SOURCE DATA →
[Start of Attachment]

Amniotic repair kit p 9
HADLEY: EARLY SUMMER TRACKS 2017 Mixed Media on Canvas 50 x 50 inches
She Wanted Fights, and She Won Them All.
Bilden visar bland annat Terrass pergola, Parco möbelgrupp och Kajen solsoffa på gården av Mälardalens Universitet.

[End of Attachment]
[Start of Attachment]

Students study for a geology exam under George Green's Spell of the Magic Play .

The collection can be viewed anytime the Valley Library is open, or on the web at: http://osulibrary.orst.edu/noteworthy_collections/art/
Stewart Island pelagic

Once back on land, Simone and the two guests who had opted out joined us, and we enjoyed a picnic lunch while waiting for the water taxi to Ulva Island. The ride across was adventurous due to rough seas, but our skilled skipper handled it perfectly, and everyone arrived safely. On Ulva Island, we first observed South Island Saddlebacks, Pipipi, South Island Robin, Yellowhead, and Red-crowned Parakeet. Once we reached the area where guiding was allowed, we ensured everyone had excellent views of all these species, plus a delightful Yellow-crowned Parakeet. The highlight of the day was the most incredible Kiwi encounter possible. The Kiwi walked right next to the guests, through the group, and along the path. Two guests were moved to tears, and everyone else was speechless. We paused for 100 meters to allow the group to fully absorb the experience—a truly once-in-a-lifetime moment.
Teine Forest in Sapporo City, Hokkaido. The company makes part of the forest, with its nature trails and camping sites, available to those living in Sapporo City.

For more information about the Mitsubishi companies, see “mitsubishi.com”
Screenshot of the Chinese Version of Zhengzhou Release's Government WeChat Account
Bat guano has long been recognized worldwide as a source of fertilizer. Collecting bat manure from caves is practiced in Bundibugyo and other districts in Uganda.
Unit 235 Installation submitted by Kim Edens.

[End of Attachment]

PROBLEM TO WORK ON →
Beginning at the line above that contains "The collection can", return each line exactly through the line that contains "Stewart Island pelagic", and no others.

YOUR RESPONSE →
The collection can be viewed anytime the Valley Library is open, or on the web at: http://osulibrary.orst.edu/noteworthy_collections/art/
Stewart Island pelagic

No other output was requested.